A family guide to 2012's summer movies

By Jeffrey Peterson

For the Deseret News

Published: Wednesday, May 2 2012 10:00 a.m. MDT

Christian Bale in "The Dark Knight Rises."

Warner Bros.

Related list: Summer 2012 movie preview

This week’s release of Marvel’s superhero mash-up “The Avengers” officially kicks off the summer movie season — a period defined by cutting-edge special effects, superheroes and supervillains, alien invasions and shameless efforts at four-quadrant hits.

With so many potential blockbusters on the horizon, though, it can be difficult to gauge what movies are appropriate for families. With that in mind, here is a guide to some of the biggest movie releases this summer (PG-13 and under) and what concerned parents can expect from them.


“The Avengers” (PG-13) — As one might expect from any summer action flick, especially one whose roster of heroes includes a “green rage monster,” “The Avengers” is a pretty violent movie with enough explosions and buildings getting destroyed to make even Michael Bay smile. But as long as parents don’t mind their kids “hulking out” every now and then, this is the kind of PG-13 movie that might be OK to let slightly older children see, too.

Related list: An introduction to the heroes, allies and villains of 'The Avengers'

“Dark Shadows” (PG-13) — Continuing the lengthy and lucrative partnership of Tim Burton and Johnny Depp (“Charlie and the Chocolate Factory,” “Alice in Wonderland”), “Dark Shadows” updates the 1960s Gothic soap opera of the same name, this time as a horror-comedy about an 18th-century vampire coming to grips with 1970s America.

Best guess: Audiences, especially parents, may want to exercise caution with this one as it does contain some sexual content (partially evident in the trailers) in addition to recreational drug use.

“Battleship” (PG-13) — “Battleship” is being marketed as the next “Transformers” (both are based on Hasbro products), and if trailers/early reviews are any indication, it seems to follow basically the same formula of flat characters, unrealistically attractive love interests and massive CGI effects sequences.

The extreme level of violence may be an issue for some moviegoers. Once again, “Transformers” is probably a decent example of what to anticipate content-wise.

“What to Expect When You’re Expecting” (PG-13) — Even “how-to” books are fair game in Hollywood, as this ensemble comedy about the wonderful misadventures of pregnancy demonstrates. “What to Expect” seeks to duplicate the success of movies like “New Year’s Eve” and “Valentine’s Day” and provide an alternative for women not willing to sit through “The Avengers” one more time with their husbands.

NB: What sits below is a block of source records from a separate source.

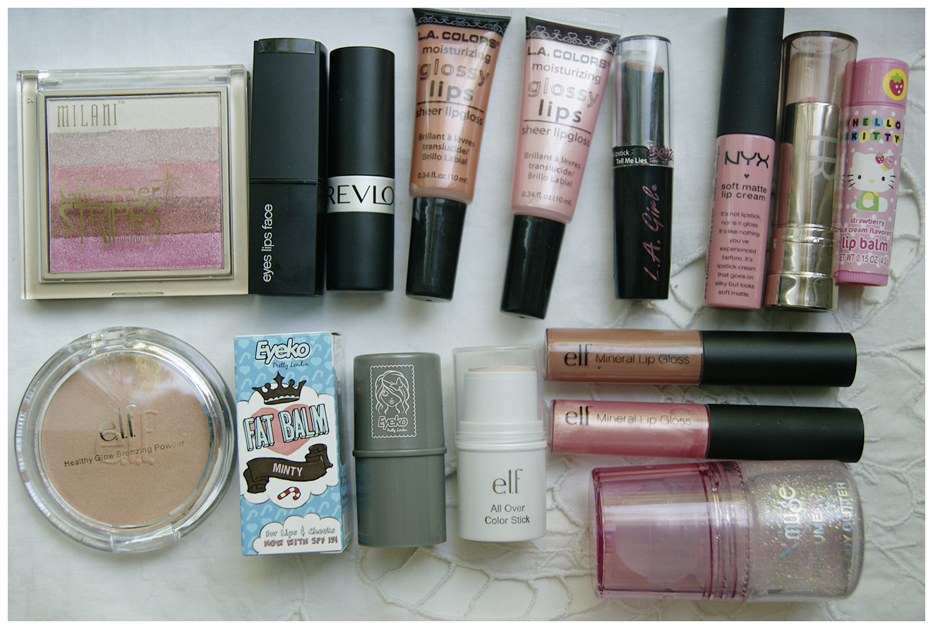 Помады, блестки, два стика для лица, румяна:)
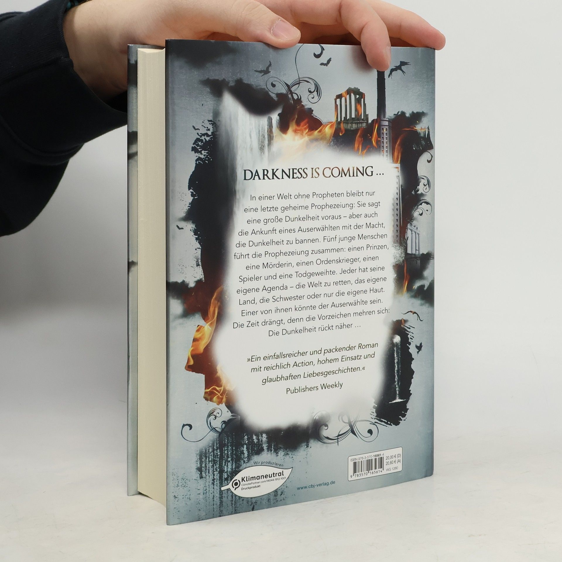 Fünf Schicksale, eine Prophezeiung, ein Auserwählter: Nur einer kann die Welt retten – oder in den Untergang stürzen ... Einst lenkten sieben Propheten die Welt, doch sie sind längst verschwunden. Geblieben ist nur ihre letzte, geheime Prophezeiung. Sie sagt ein Zeitalter der Dunkelheit voraus und die Geburt eines neuen Propheten, der die Welt entweder retten oder ihr Untergang sein wird. Fünf junge Menschen führt die Prophezeiung zusammen: einen Prinzen in der Verbannung, eine Mörderin, die ihre Opfer mit der »Blassen Hand« zeichnet, einen getreuen Paladin zwischen Pflichtgefühl und Herz, einen Spieler mit der Gabe, alles und jeden zu finden, und ein sterbendes Mädchen, das kurz davor ist, aufzugeben. Einer von ihnen hat die Macht, die Welt zu retten – oder sie in den Untergang zu stürzen. Alle Bände der „Age of Darkness“-Reihe: The Age of Darkness – Feuer über Nasira (Band 01) The Age of Darkness – Schatten über Behesda (Band 02) The Age of Darkness – Das Ende der Welt (Band 03)
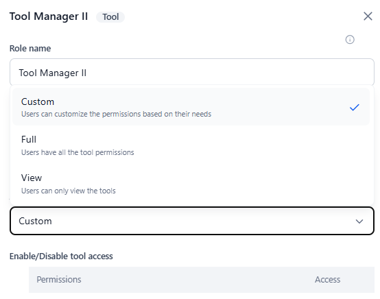 - Access: Select either Custom, Full, or View.
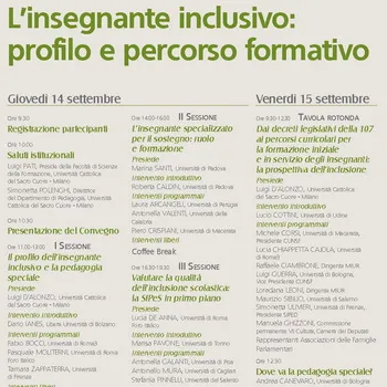 Congresso SIPeS “L’insegnante inclusivo. Profilo e percorso formativo” dal 14 al 15 Settembre presso l’Università Cattolica del Sacro Cuore di Milano presso l’Aula Magna.
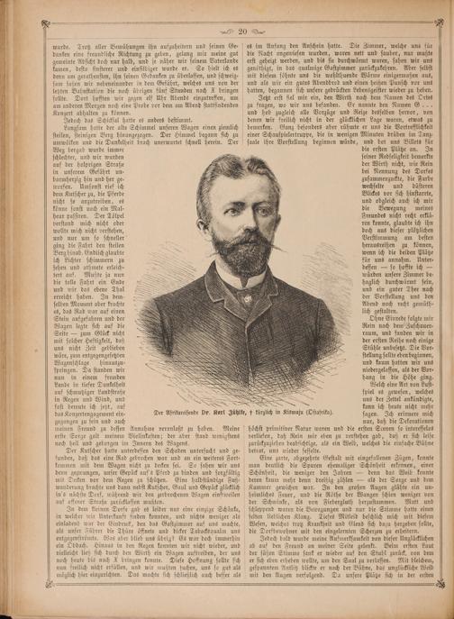 saale ihre Vorstellung beginnen würde, und bot uns Billets für die ersten Plätze an. In seiner Redseligkeit bemerkte der Wirth nicht, wie Rein bei Nennung des Dorfes zusammenzuckte, die Farbe wechselte und düsteren Blickes vor sich hinstarrte, und obgleich auch ich mir die Bewegung meines Freundes nicht recht erklä— ren konnte, glaubte ich ihn doch aus dieser plötzlichen Verstimmung am besten herausreißen zu können, wenn ich die beiden Plätze für uns annahm. Unter⸗ dessen— so hoffte ich— würden unsere Zimmer be⸗ haglich durchwärmt sein, und ein guter Thee nach der Vorstellung uns den Abend noch recht gemüth— lich gestalten.
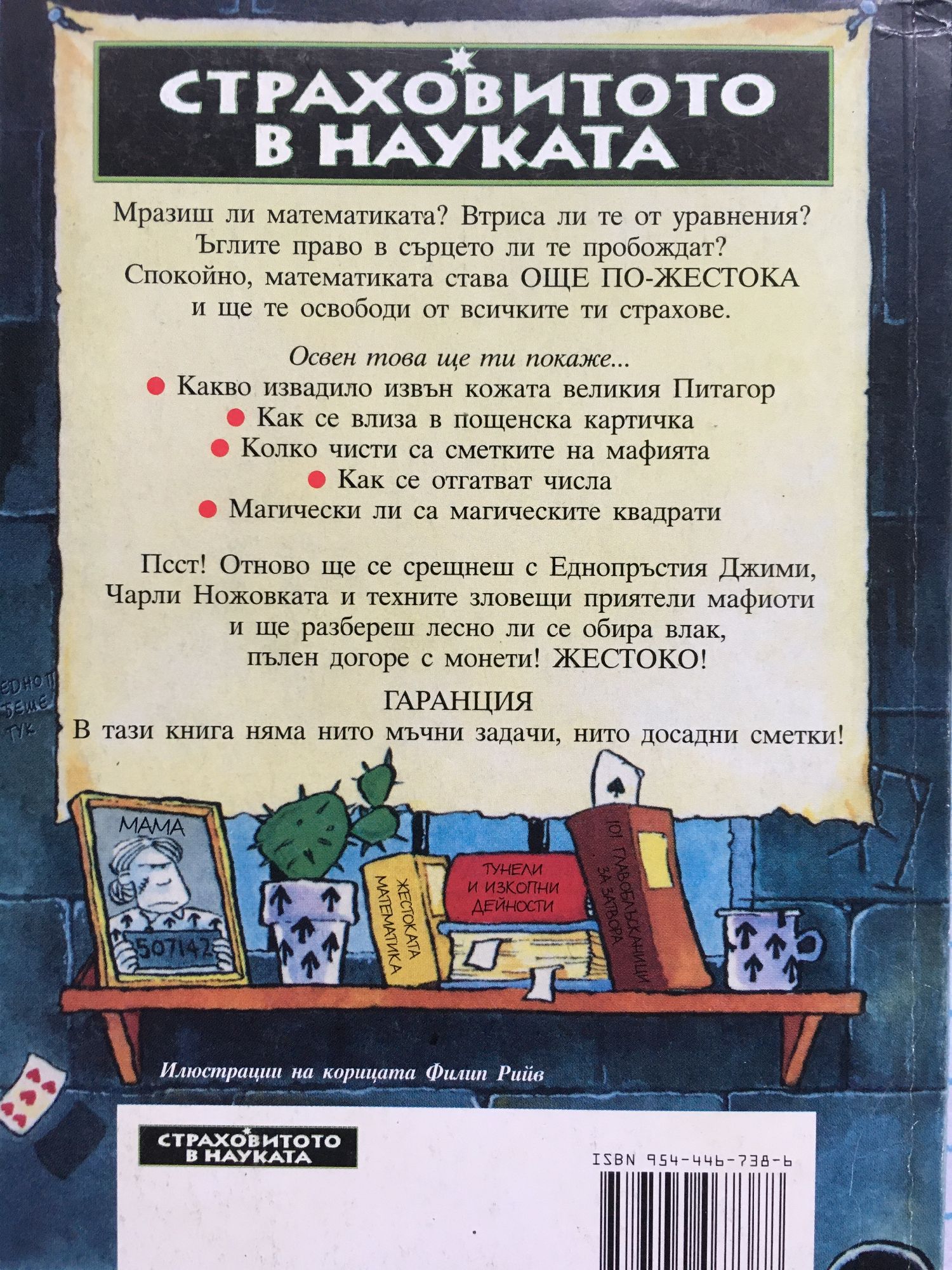 Мразиш ли математиката? Втриса ли те от уравнения? Ъглите право в сърцето ли те пробождат? Спокойно, математиката става ОЩЕ ПО-ЖЕСТОКА и ще те освободи от всичките ти страхове. Освен това ще ти покаже... * Какво извадило извън кожата великия Питагор * Как се влиза в пощенска картичка * Колко чисти са сметките на мафията * Как се отгатват числа * Магически ли са магическите квадрати. Псст! Отново ще се срещнеш с Еднопръстия Джими, Чарли Ножовката и техните зловещи приятели мафиоти и ще разбереш лесно ли се обира влак, пълен догоре с монети! ЖЕСТОКО! ГАРАНЦИЯ: В тази книга няма нито мъчни задачи, нито досадни сметки.
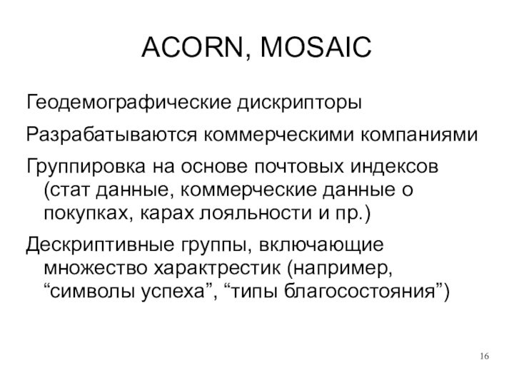 Дескриптивные группы, включающие множество характрестик (например, “символы успеха”, “типы благосостояния”)
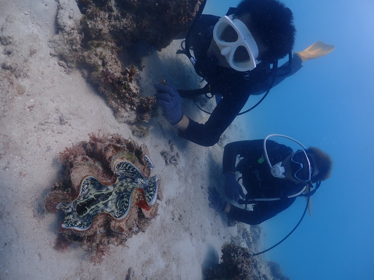 大きなシャコガイを目の前にツンツンと遊んでました![]()
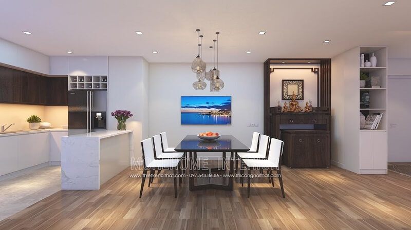 Bàn ăn hiện đại và độc đáo là sự lựa chọn tuyệt vời cho phòng ăn chung cư.
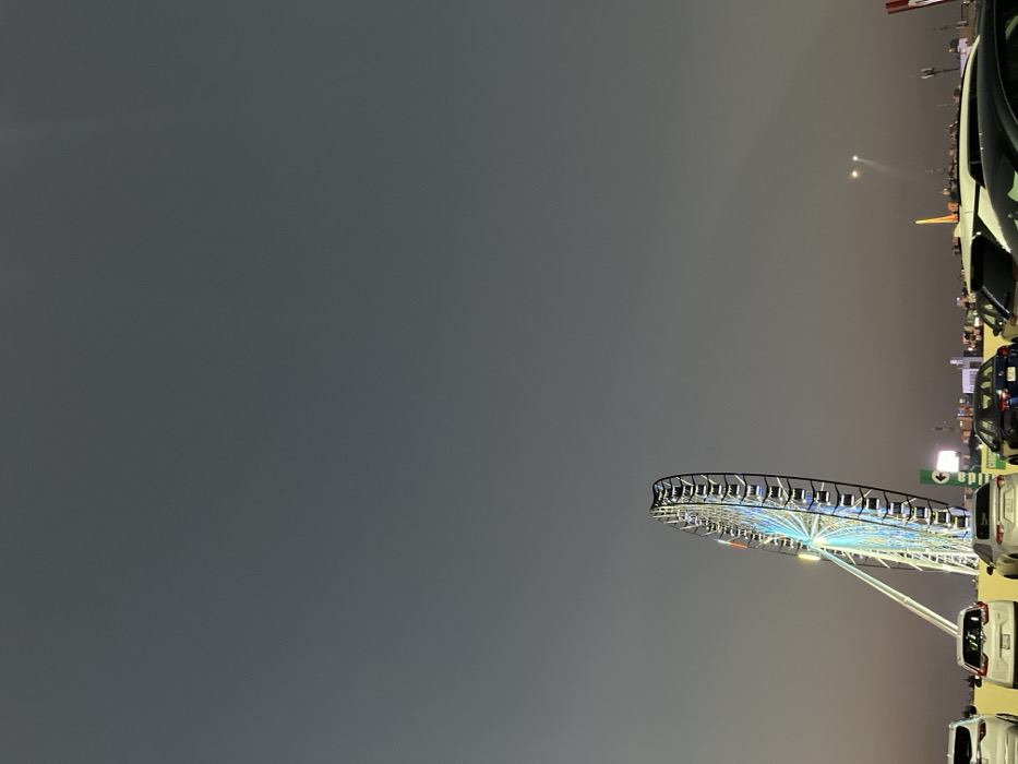 At night, a Ferris wheel illuminates the scene with blue and white lights. It stands against a grey sky. Cars are parked closely to the right of the Ferris wheel. Distant city lights are barely visible in the upper-right. Two bright lights are near the top, potentially aircraft.
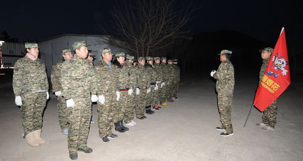 “两脚跟靠拢,脚尖向外分开60度,头要正,颈要直,口要闭,两眼目视正前方”,教官沙哑却铿锵有力的声音在操场上空回荡着,听起来跟军营里别无两样,但这里并非军营,而是熊猫烟花位于房山的仓储基地,正在寒风中经受磨练也不是军人,都是来自北京公司的一众员工。
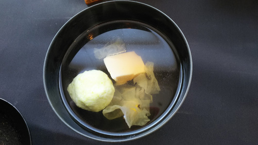 お椀の中でお花が咲いたようにふわふわと漂うのが白木茸。
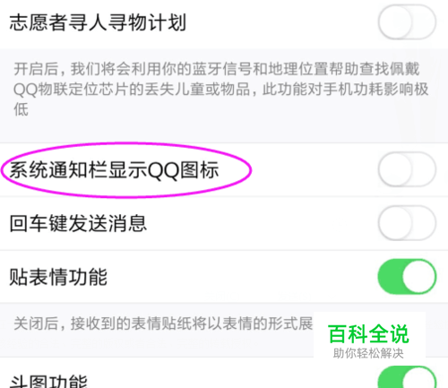 在【辅助功能】这个页面,我们看到【系统通知栏显示QQ图标】,如图。
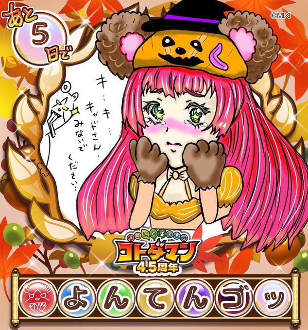 13 53 ㊗️もうすぐ4.5周年おめでとうございます!コトの木の加護や、既存キャラのバージョン違いの登場が楽しみです。 特に今年の水着くまールテンちゃんは、すこでした🐻🏖 コトノ語も面白くて、いつも想像しながら読んでますよん😇🖐ッ! #コトダマン #コトダマンイラスト #コトダマンよんてんゴッ周年 22/10/11 00:00

The MPAA’s parental advisory warns of “crude and sexual content.” Kids probably aren’t going to be begging to see this one, though.

“Men In Black III” (PG-13) — After a 10-year absence, Will Smith and Tommy Lee Jones reprise their iconic roles as agents J and K with Barry Sonnenfeld once again in the director’s chair.

If the previous two films are any indication, “MIB-III” will probably play to a slightly younger audience than something like “Battleship,” using violence and exploding aliens more for laughs than dramatic effect — which might actually be of greater concern to some parents.

“Moonrise Kingdom” (PG-13) — In spite of its setting at a Scout camp, a whimsical style and two 12-year-olds as lead characters, Wes Anderson’s latest film — following up on the critical and commercial success of “The Fantastic Mr. Fox” — is not a kids’ movie.